Pew Center stands by its report on Wisconsin’s financial crisis

    Editor’s note: Susan Urahn, managing director of the Pew Center on the States, wrote the following Milwaukee Biz Blog in response to Thursday’s Biz Blog entry by Wisconsin Department of Administration Secretary Michael Morgan about Pew’s study, "Beyond California: States in Fiscal Peril."

    Pew’s report is factually accurate and fair. Wisconsin was highlighted in our report because it exhibits many of the same fiscal warning signs seen in California, as documented by widely accepted, publicly available data.

    The facts are clear. Wisconsin, like California and the eight other states Pew profiled, faces serious fiscal challenges. In reaching this conclusion, Pew relied on data from respected sources including the U.S. Department of Labor Statistics, the Nelson A. Rockefeller Institute of Government, the U.S. Census Bureau and experts in both academia and government.

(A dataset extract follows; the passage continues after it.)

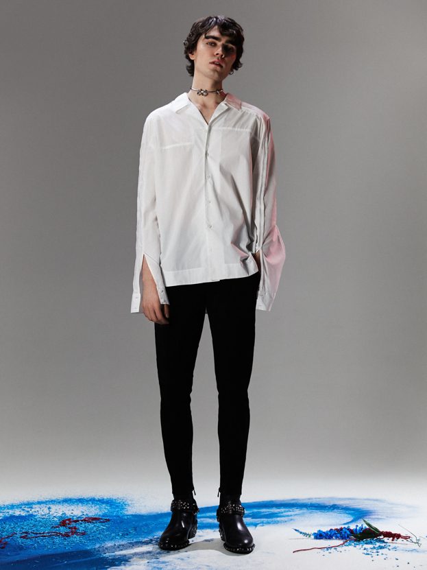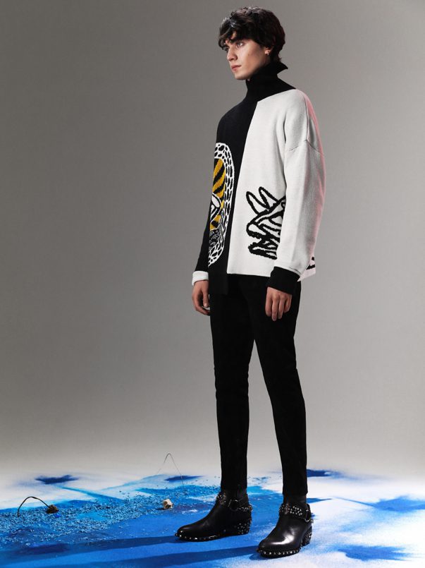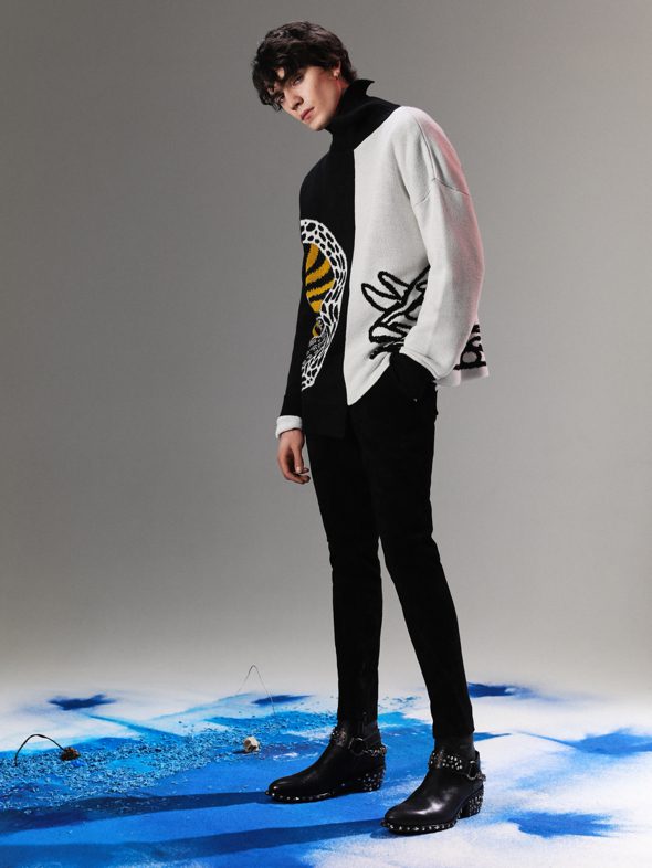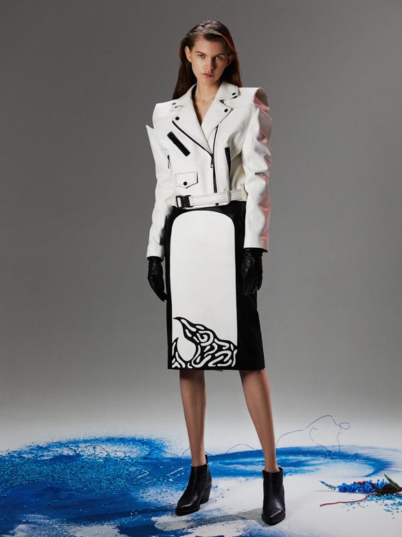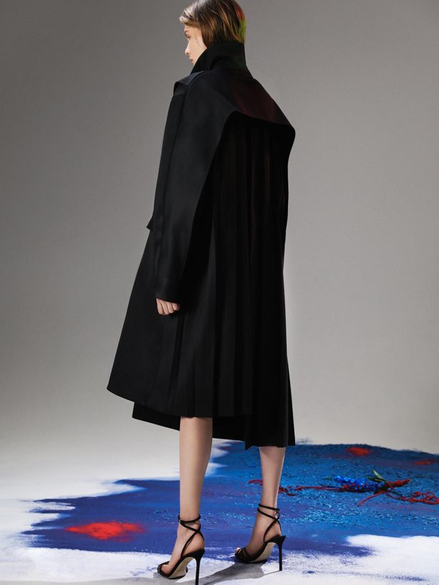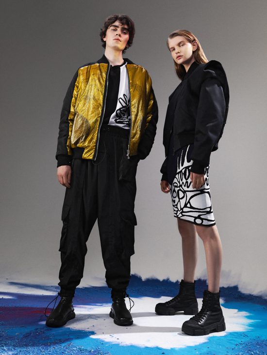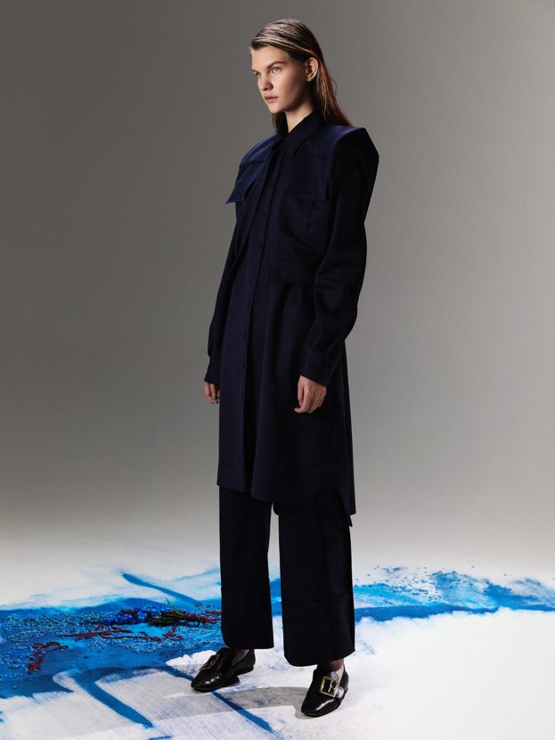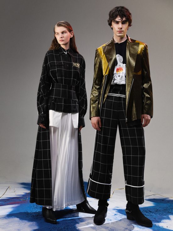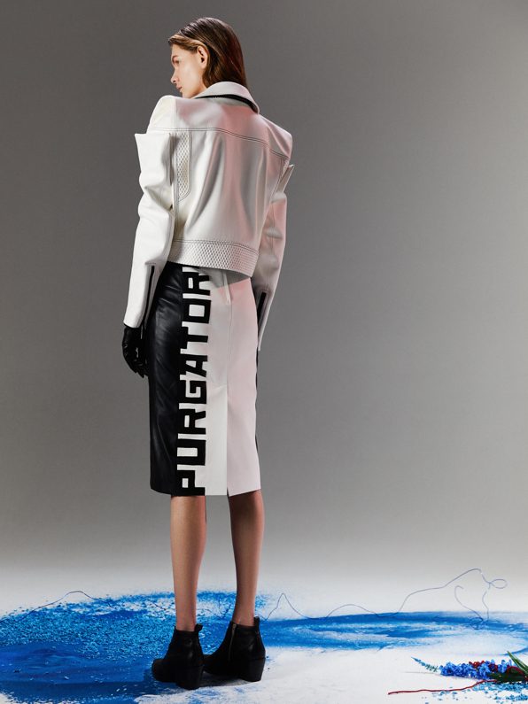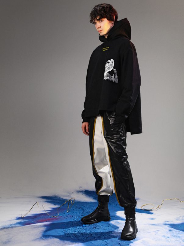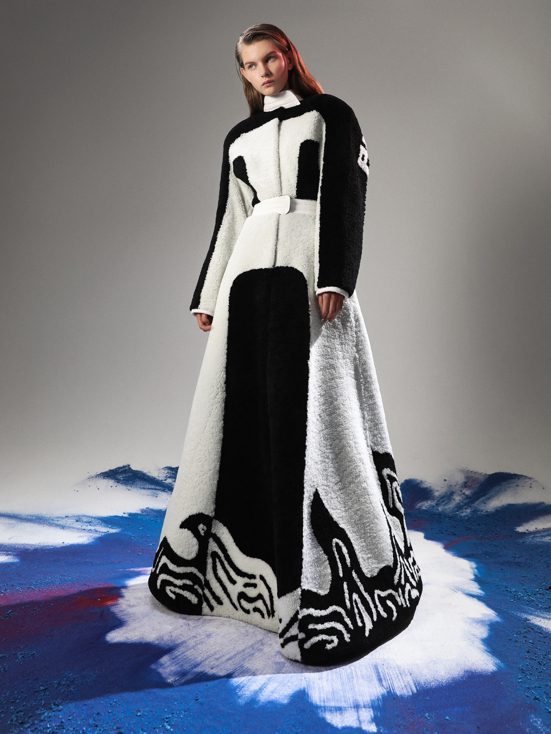 This new collection is the first part of a planned trilogy of meditations on the structures within our societies. As per usual, the collection features fashions for both her and him – the women’s segment featured leather jackets and raincoats with overstated shoulder pads, bright dual-colored sheepskin coats, woolen trousers, and jackets with multi-layer draperies, hi-tech windbreakers and bomber jackets, multi-layer dresses and black & white leather pencil skirts.
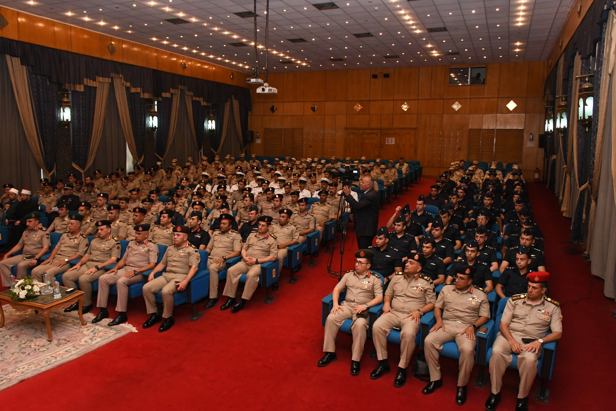 وألقى اللواء أ ح / خالد أحمد شوقى مساعد وزير الدفاع كلمة نيابة عن الفريق أول / محمد زكى القائد العام للقوات المسلحة وزير الدفاع والإنتاج الحربى أكد فيها أن رجال القوات المسلحة ماضون بإرادة قوية وعزيمة لا تلين فى حماية الوطن وصون مقدساته ، مقتدين بسيرة الرسول الكريم محمد صلوات الله عليه وسلامه فى الصدق والإخلاص والتضحية والصبر فى مواجهة التحديات ، والعمل الجاد بإيمان وثقة فى المولى عز وجل للوفاء بالمهام والمسئوليات المكلفين بها .

    Our report states that California’s budget problems are in a league of their own. But Wisconsin has had persistent budget shortfalls – the state has had a negative general fund balance from fiscal years 2002 to 2008, according to its own Comprehensive Annual Financial Reports. Additionally, Wisconsin has used short-term fixes to meet budget challenges, such as relying on its transportation funds to cover day-to-day operating expenses.

    Prior to the 2010 fiscal year, Wisconsin faced a more than $3.2 billion budget gap – nearly a quarter of its general funds, according to the Center on Budget and Policy Priorities. During the first quarter of 2009, the state’s revenues declined by $370 million from the same quarter of the previous year, according to the U.S. Census Bureau and the Rockefeller Institute. Wisconsin’s revenues declined even further in the next quarter from the previous year, down $1.25 billion or 24.3 percent.

    Wisconsin’s third-quarter unemployment rate shows job losses are moderating. However, while Wisconsin manufacturing may be performing better in the current downturn than that of some of its neighbors, such as Michigan, the job losses in this sector have been heavy. The Center on Wisconsin Strategy, based at the University of Wisconsin-Madison, reported in September that, from December 2007 to July 2009, the Badger State lost one-eighth of its manufacturing workforce.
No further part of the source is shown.